ScopeStrongly correlated metals, alloys, oxides, their surfaces, interfaces and heterostructures continue to be very creative and active research themes in condensed matter physics. These fields are progressing very fast and continue branching into increasingly wider areas of condensed matter. This involves the spintronics including spin-orbit related effects, the topological matter, the magnetoelectric coupling, the positive magnetic anisotropy, or the multiferroicity at oxide interfaces and heterostructures.
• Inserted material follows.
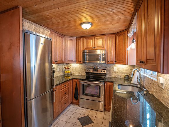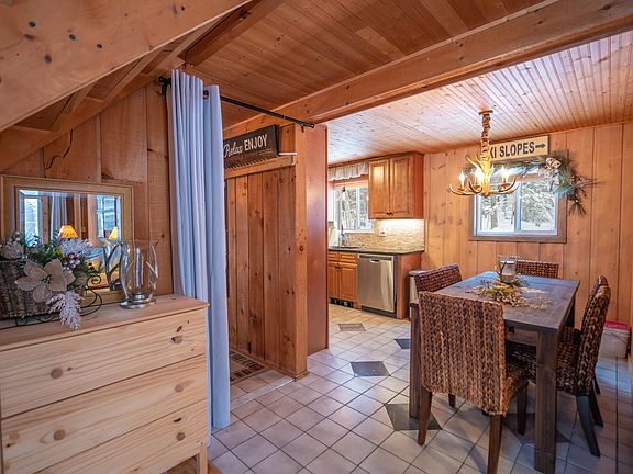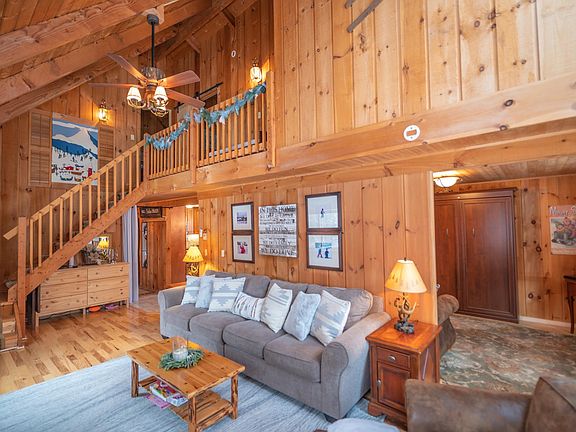 When you picture a rustic and woodsy Vermont retreat, but with modern comforts, this is that home. Charming chalet style home located conveniently towards the bottom of Chimney Hill, just a short drive from the village of Wilmington and Mount Snow Ski Resort. This 4 bedroom, 2 bath home has exposed natural woodwork throughout, great open concept living space with a large great room with vaulted ceilings and gas fireplace hardwood floors, beautiful natural light, exposed beams, a newly updated kitchen with granite counters, stone backsplash, and stainless appliances, tremendous entry mudroom for gear with new washer/dryer, a large main floor suite that can also be used for overflow living space, 3 vaulted bedrooms upstairs, 2 updated baths, and less obvious features including a new roof, new skylights, many updated windows, new front door, newly insulated crawlspace with vapor barrier, fresh paint on the exterior, expanded lawn, and resurfaced driveway, The home has plenty of room to stretch, without being too much to maintain, yet is a private location with direct snowmobile trail access. Enjoy a quick drive to skiing, or on off-days take a jaunt to the clubhouse with indoor and outdoor pools, hot tub, gym, game room, theater, basketball court, tennis court, and more. Chimney Hill offers convenient a la carte amenities including trash, plowing, lawn care, and more, to ensure that your time spent in Vermont is for downtime, not upkeep.

It is widely recognized that the first-principles based calculations of strongly correlated materials are important for understanding their physical and chemical properties. The quantitative materials theory makes remarkable impact on the modern technology. This workshop aims to disseminate the present knowledge in this rich and vivid field. We invite both theoreticians and experimentalists to discuss development and applications of the correlated band methods based on a combination of the density functional theory and the dynamical mean field theory. Apart from the talks, there will be time for individual discussions between the participants.
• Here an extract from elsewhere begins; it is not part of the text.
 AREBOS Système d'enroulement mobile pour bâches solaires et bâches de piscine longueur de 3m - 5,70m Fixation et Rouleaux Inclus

Special attention will be given to:
- Interplay of strong electron correlations with spin-orbit related phenomena and with the effects of symmetry breaking due to the presence of surfaces and interfaces. Calculations of the magnetic anisotropy in strongly correlated d- and f-based materials and nanostructures.
- Role of electron correlations in quantitative modelling of STM/STS, XMCD and RIXS/RXES spectra of d- and f-based materials and nanostructures.
- Applications of the correlated band theory to transport phenomena such as the spin-Hall effect, spin lifetime, spin-transfer torque, and spin-dynamics.